Granite: Again the solution is the same as for sandstone.

${\begin{aligned}{k=50{\times }10^{9}/3{\times }0.60=28{\times }10^{9}\ \mathrm {Pa} ,}\\{{\mathrm {\mu } }=50{\times }10^{9}/2{\times }1.2=21{\times }10^{9}\ \mathrm {Pa} ,}\\{{\mathrm {\lambda } }=50{\times }10^{9}{\times }0.20/1.2{\times }0.60=14{\times }10^{9}\ \mathrm {Pa} ,}\\{{\mathrm {\alpha } }=[50{\times }10^{9}{\times }0.80/1.2{\times }0.60{\times }2.7{\times }10^{3}]^{1/2}=4.5\ \mathrm {\hbox{km/s}} ,}\\{{\mathrm {\beta } }=[50{\times }10^{9}/2{\times }1.2{\times }2.7{\times }10^{3}]^{1/2}=2.8\ \mathrm {\hbox{km/s}} .}\end{aligned}}$

Table 2.4b summarizes the results.

**Table 2.4b Magnitudes of elastic constants.**
Constant	Water	Stiffmud	Shale	Sandstone	Limestone	Granite
$E\,\,\,({\times }10^{9}{\hbox{Pa}})$	0	1.4	9.9	16	54	50
$K\,\,\,({\times }10^{9}{\hbox{Pa}})$	2.1	3.2	13	17	36	28
${\mathrm {\mu } }\,\,\,({\times }10^{9}{\hbox{Pa}})$	0	0.47	3.6	6.0	22	21
${\mathrm {\lambda } }\,\,\,({\times }10^{9}{\hbox{Pa}})$	2.1	2.9	11	13	22	14
${\mathrm {\sigma } }$	0.50	0.43	0.38	0.34	0.25	0.20
${\mathrm {\mu } }\,\,\,({\hbox{g/cm}}^{3})$	1.0	1.5	1.8	1.9	2.5	2.7
${\mathrm {\alpha } }\,\,\,({\hbox{km/s}})$	1.5	1.6	3.2	3.6	5.1	4.5
${\mathrm {\beta } }\,\,\,({\hbox{km/s}})$	0	0.56	1.4	1.8	2.9	2.8

2.5 General solutions of the wave equation

2.5a Verify that $\psi =f\left(x-Vt\right)$ and $\psi =g\left(x+Vt\right)$ are solutions of the wave equation (2.5b).

Background

When unbalanced stresses act upon a medium, the strains are propagated throughout the medium according to the general wave equation

{\begin{aligned}{\nabla }^{2}\psi ={\frac {{\mathrm {\partial } }^{2}\psi }{{\mathrm {\partial } }x^{2}}}+{\frac {{\mathrm {\partial } }^{2}\psi }{{\mathrm {\partial } }y^{2}}}+{\frac {{\mathrm {\partial } }^{2}\psi }{{\mathrm {\partial } }z^{2}}}={\frac {1}{V^{2}}}{\frac {{\mathrm {\partial } }^{2}\psi }{{\mathrm {\partial } }t^{2}}},\end{aligned}}

(2.5a)

$\psi$ being a disturbance such as a compression or rotation. $\psi$ is propagated with velocity $V$ (see Sheriff and Geldart, 1995, Section 2.2).
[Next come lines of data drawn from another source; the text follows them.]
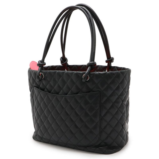 Chanel Tote Bag Cambon Lambskin Black Silver Hardware Women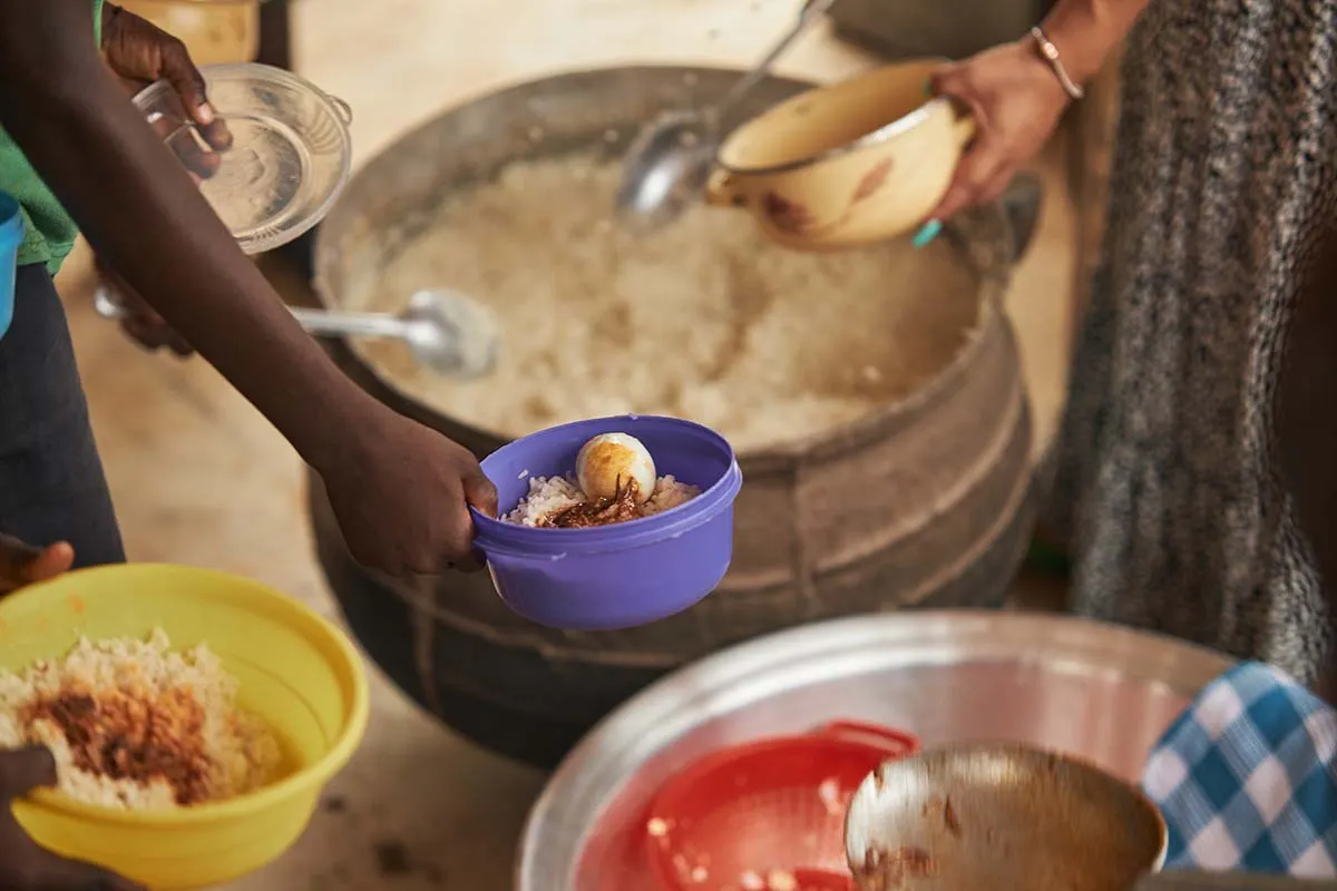 そして、この学校を中心に継続して実施してきたのが給食支援です。ガーナでは本来、公立学校の給食は政府が負担するはずなのですが、現状は財政難の為、給食を配布できている学校は都市部のごくわずかとなっており、給食を提供できていない学校が多く存在します。私たちの学校では、これまで多くの皆さまにご支援頂いたことで、安定的に子どもたちに給食を提供することができました。しかし、1食にかけられる1人あたりの予算は40円。その内容は炭水化物とスープが中心で、子どもたちに十分な栄養が行き届いていないことが課題となっています。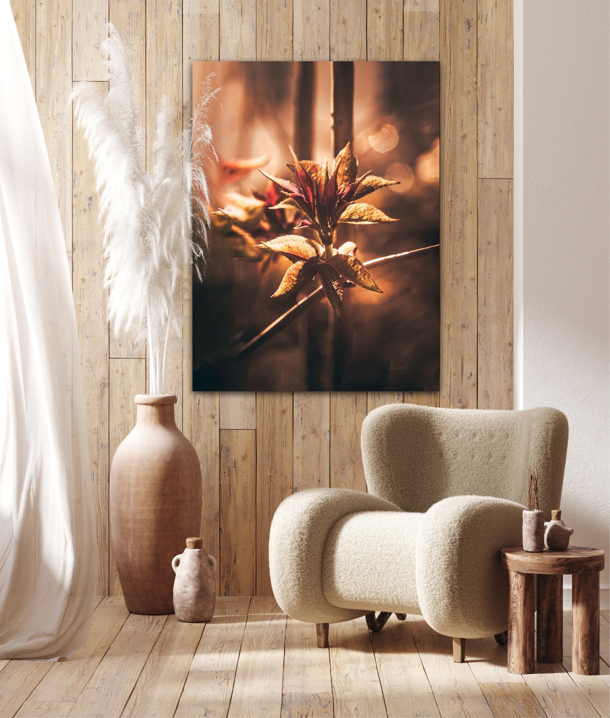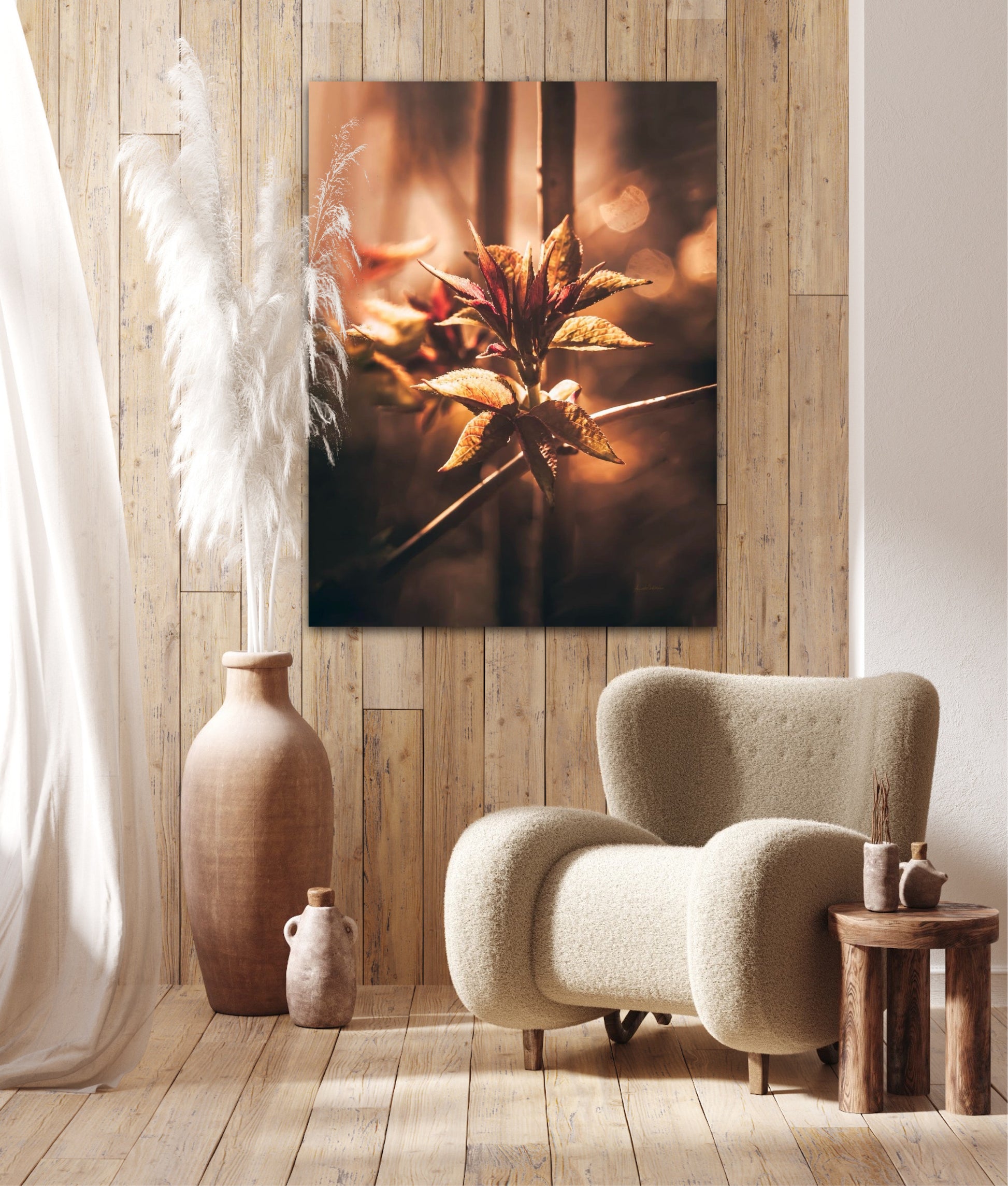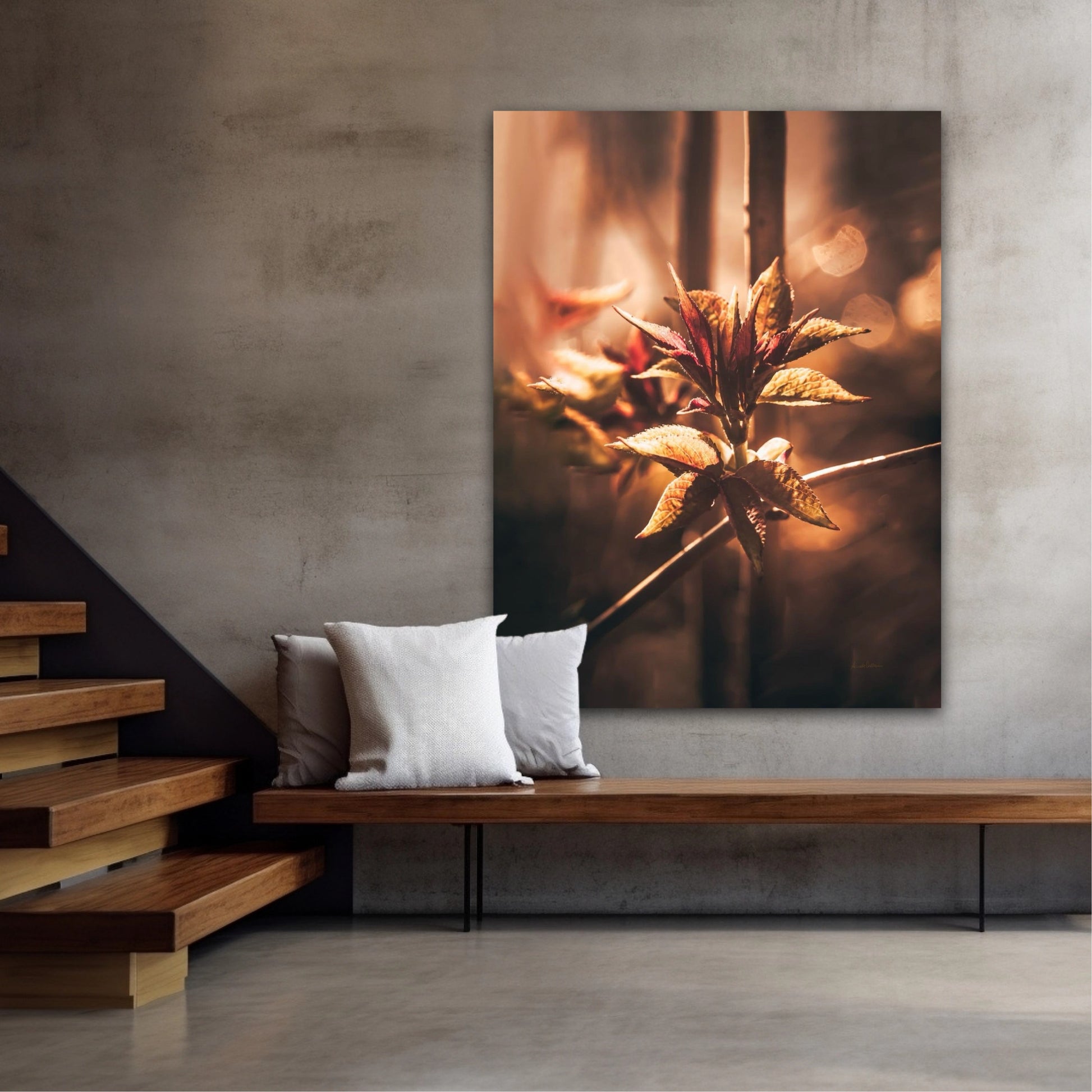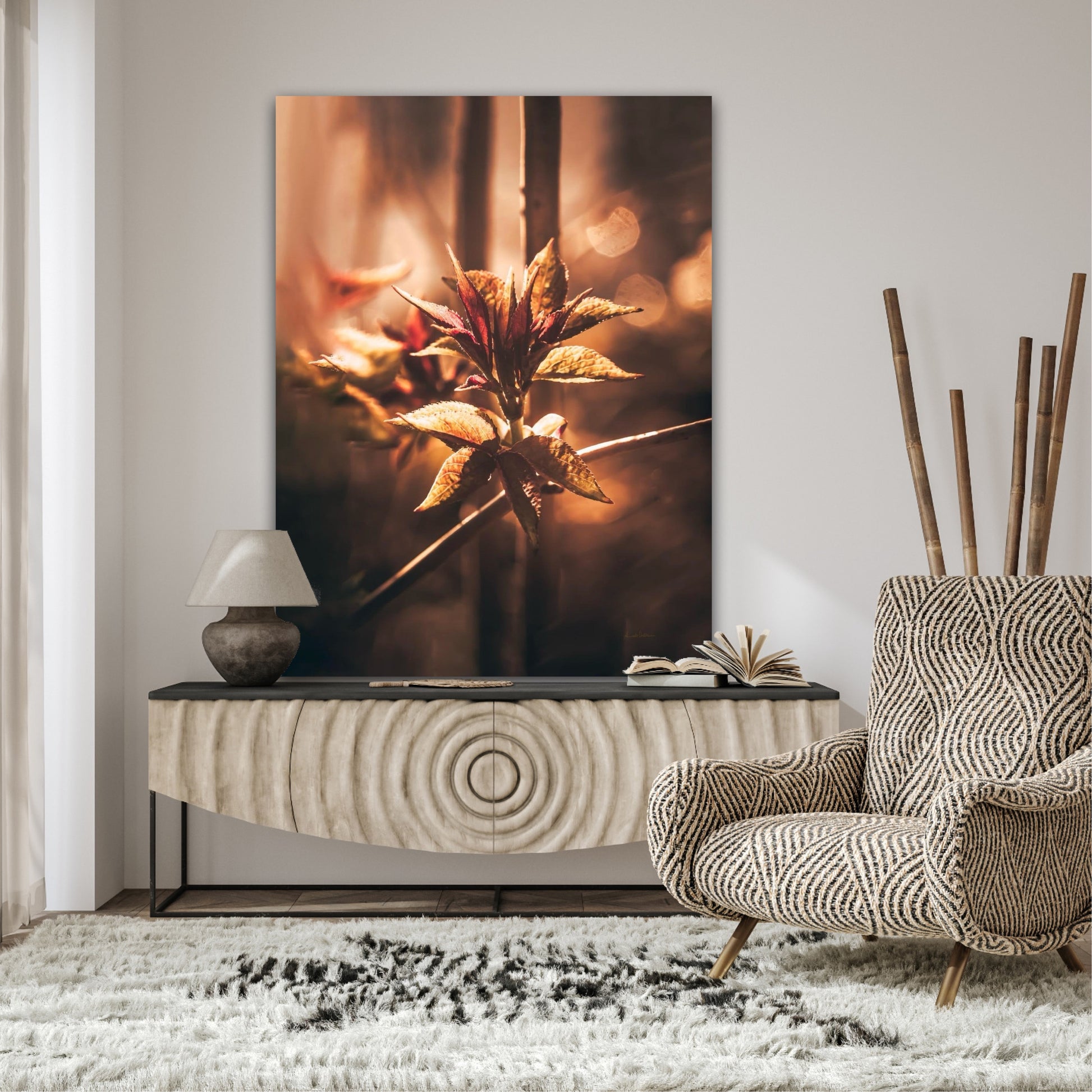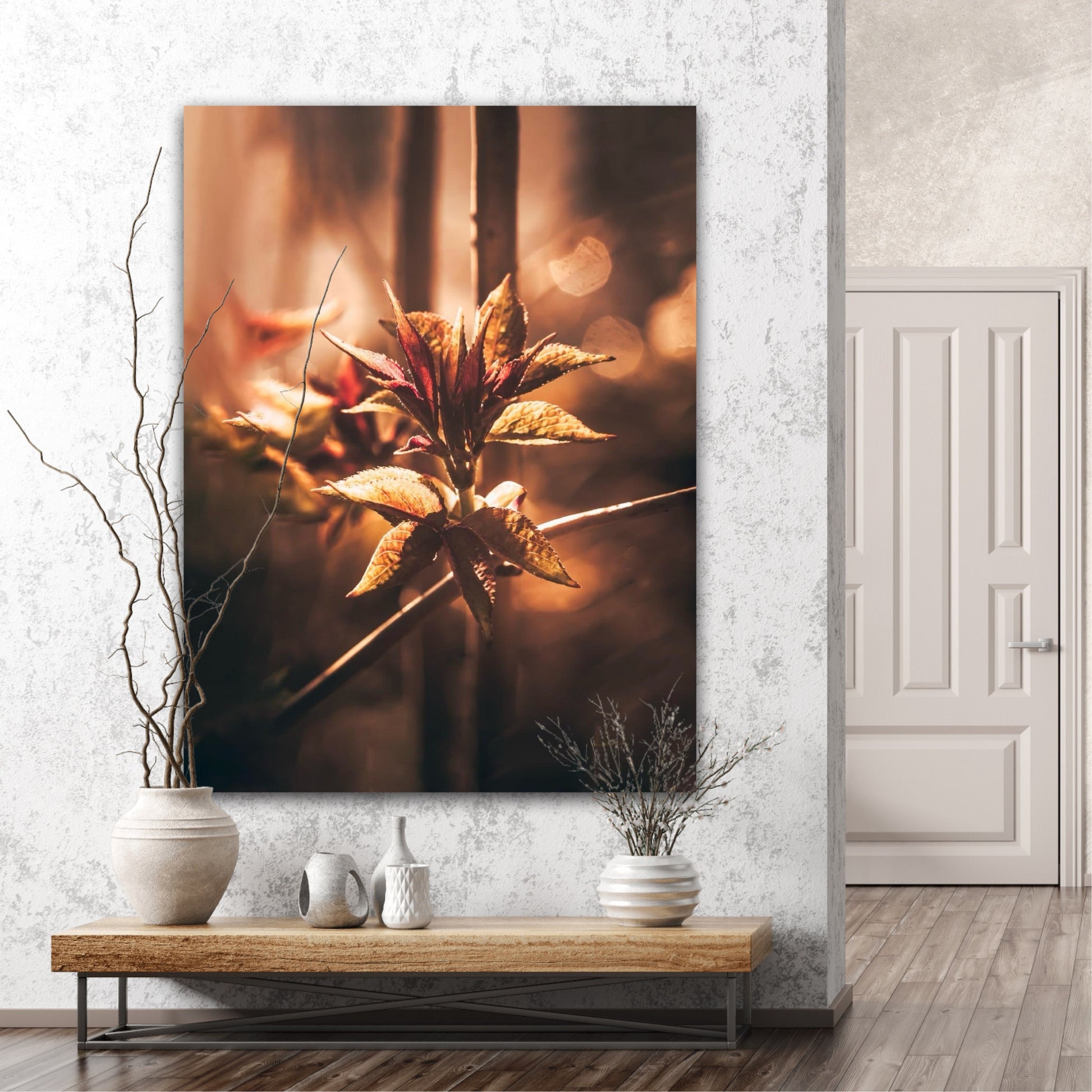 Beautiful and warm photographic art image of sprouting leaves on a tree branch on gorgeous, golden light. Beautiful and peaceful, get the good feeling with this beautiful artwork.

The disturbance is the result of unbalanced normal stresses, shearing stresses, or a combination of both. When normal stresses create the wave, the result is a volume change and $\psi$ is the dilitation [see equation (2.1e)], and we get the P-wave equation, $V$ becoming the P-wave velocity ${\mathrm {\alpha } }$ . Shearing stresses create rotation in the medium and $\psi$ is one of the components of the rotation given by equation (2.lg) ; the result is an S-wave traveling with velocity ${\mathrm {\beta } }$ . Various expressions for ${\mathrm {\alpha } }$ and ${\mathrm {\beta } }$ in isotropic media are given in Table 2.2a.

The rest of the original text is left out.